Now- there is plenty to go into on the interplay between Architecture and Product, but the main illumination I want to bring to the fore is the following phrase that came from the father of classical architecture, Vitruvius (in 30 B.C.!!!):

“Well building hath three conditions: firmness, commodity, and delight.”

Firmness = Scalability. Just as building a house that can withstand the elements and be built to handle the weight of several stories, a product must be built so that it can handle large volumes of traffic, that the best possible code is written to avoid re-work on future deployments, and that the architecture of back-end systems allows for the most robust, fastest and analytical product to go to market. Depending on how technical your product may be, a product manager will play varying levels of involvement here. But there is no doubt that he/she has to focus on the nuts and bolts of the technical foundation: that services stay as pure as possible and don’t perform functions that should be done by a downstream system, that the best reporting will be available for iterative development, that the releases are tight and the features are well documented and defined in order to produce fewer bugs.

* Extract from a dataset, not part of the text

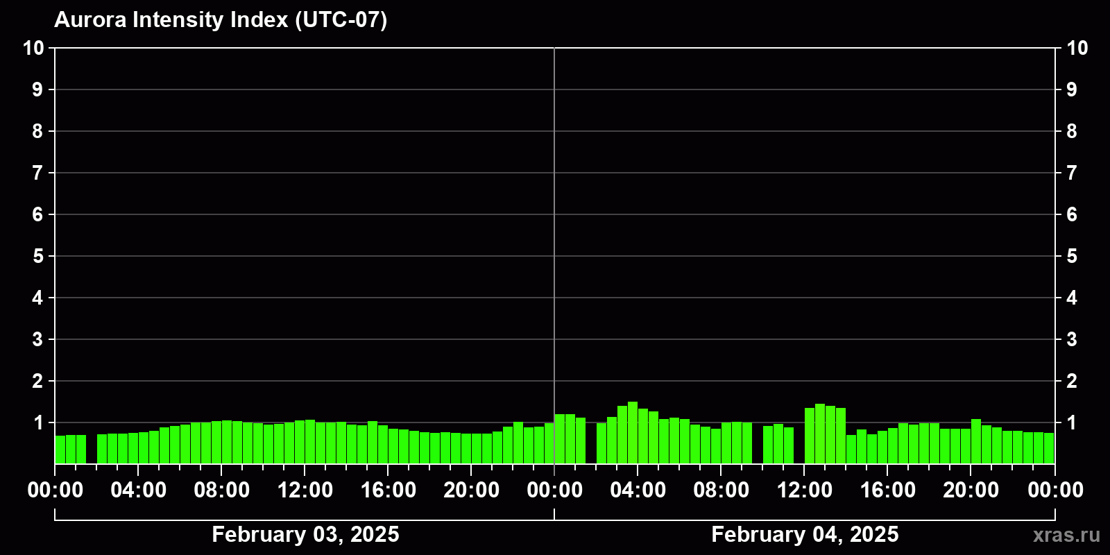 Changes in the auroral intensity index from 2025-02-03 to 2025-02-04 local time

Commodity = Utility. The functionality of the product is arguably where the Product Manager is known best for their contributions. You can’t build a house that has six bedrooms and one bathroom… Utility is critical to make something functional and desirable. Ensuring that the work of dev and design converge into a product of utility and with ease of use (defined by the KPIs relevant for the product’s marketplace), is where the product manager can really show his or her worth. When building anything, it is about the ability to optimally produce under an environment of resource constraints, which means making sure to compromise on noncritical features and standing obstinately for the lifeblood features.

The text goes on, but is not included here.